Norman Bates From Psycho Was A Real Person


Did you love the movie, Psycho?  Did you know it was based on a book, and that the book was based on a real person?  Oh Mother.....time for a little history lesson.


Psycho Norman Bates Alfred Hitchcock's murderous motel proprietor is scary enough, but he's
perhaps more frightening when you learn that the Psycho character was based on a real person.

The real Psycho, Ed Gein
The real person was Ed Gein who was convicted of killing two women in the 1950s and was suspected of many more murders around his hometown of Plainfield, Wisconsin.


At the time of the killings, authorities also discovered a collection of human skulls along with furniture and clothing, including a suit, made from human body parts and skin at Gein’s farmhouse.  Gein told police he had dug up the graves of recently buried women who reminded him of his mother.


Robert Bloch, who wrote the novel Psycho, co-opted many of Gein's strange obsessions for Bates, including his morbid shrine to his overbearing dead mother.

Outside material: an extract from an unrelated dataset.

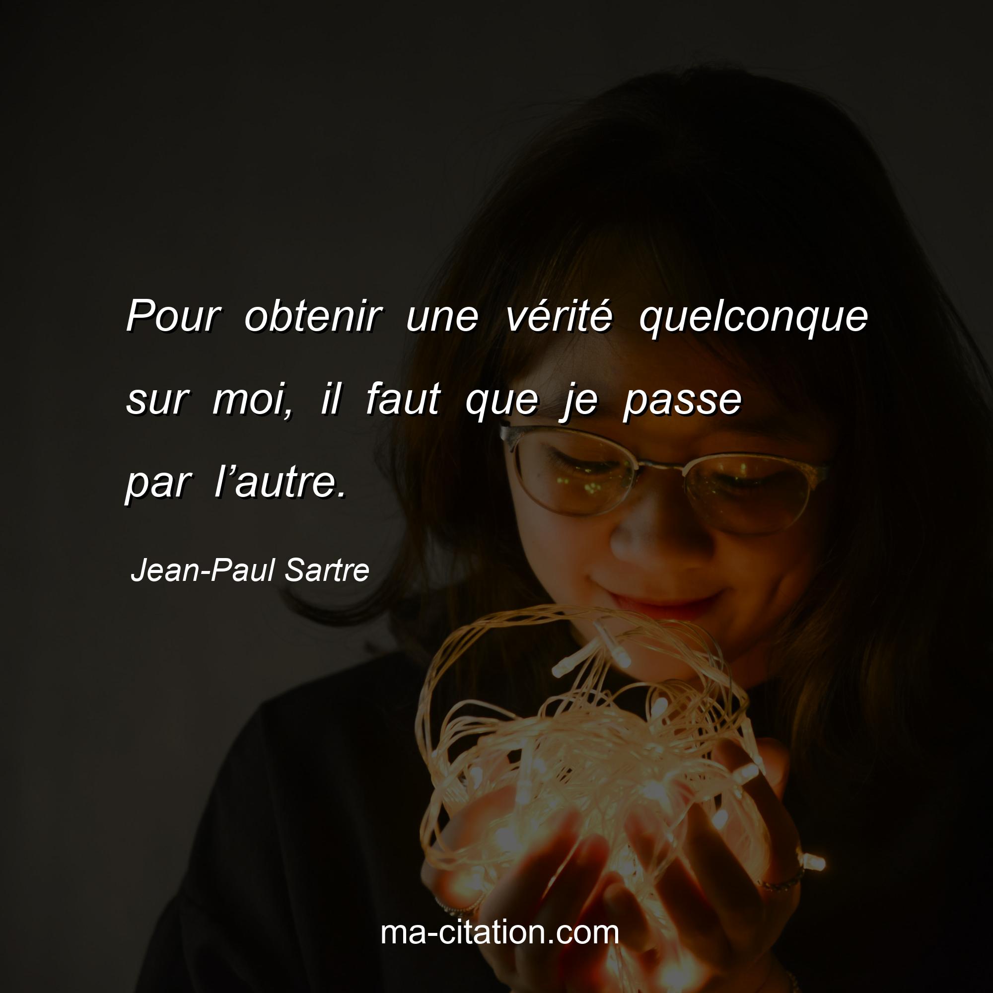 Citation sur la vie de Jean-Paul Sartre :Pour obtenir une vérité quelconque sur moi, il faut que je passe par l’autre.
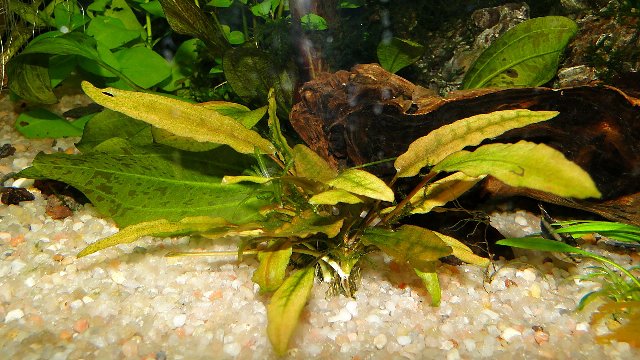 Cryptocoryne sp. ,llamadas trompetas de agua por la forma de sus flor, pertenecen a la familia de las araceas y el género está compuesto por unas sesenta especies originarias de Asia y Nueva Guinea.La variedad de tamaños colores y texturas hacen de estas plantas unas de las favoritas de los acuariofilos.

Like Bates, Gein came across as polite and almost normal, prompting the head nurse of the mental hospital where he was held to reportedly say, "If all our patients were like him, we'd have no trouble at all." Makes this already scary story a bit more frightening.


Gein’s crimes were beyond belief, but they have certainly been a blessing to filmmakers. They inspired or at least influenced the characters of not only Norman Bates but also Leatherface in The Texas Chainsaw Massacre and Buffalo Bill in The Silence of the Lambs.


So next time you are watching Psycho remember Norman Bates was real. Scary stuff here, but it made some great movies...and here in Hollywood we always ❤️ a great story.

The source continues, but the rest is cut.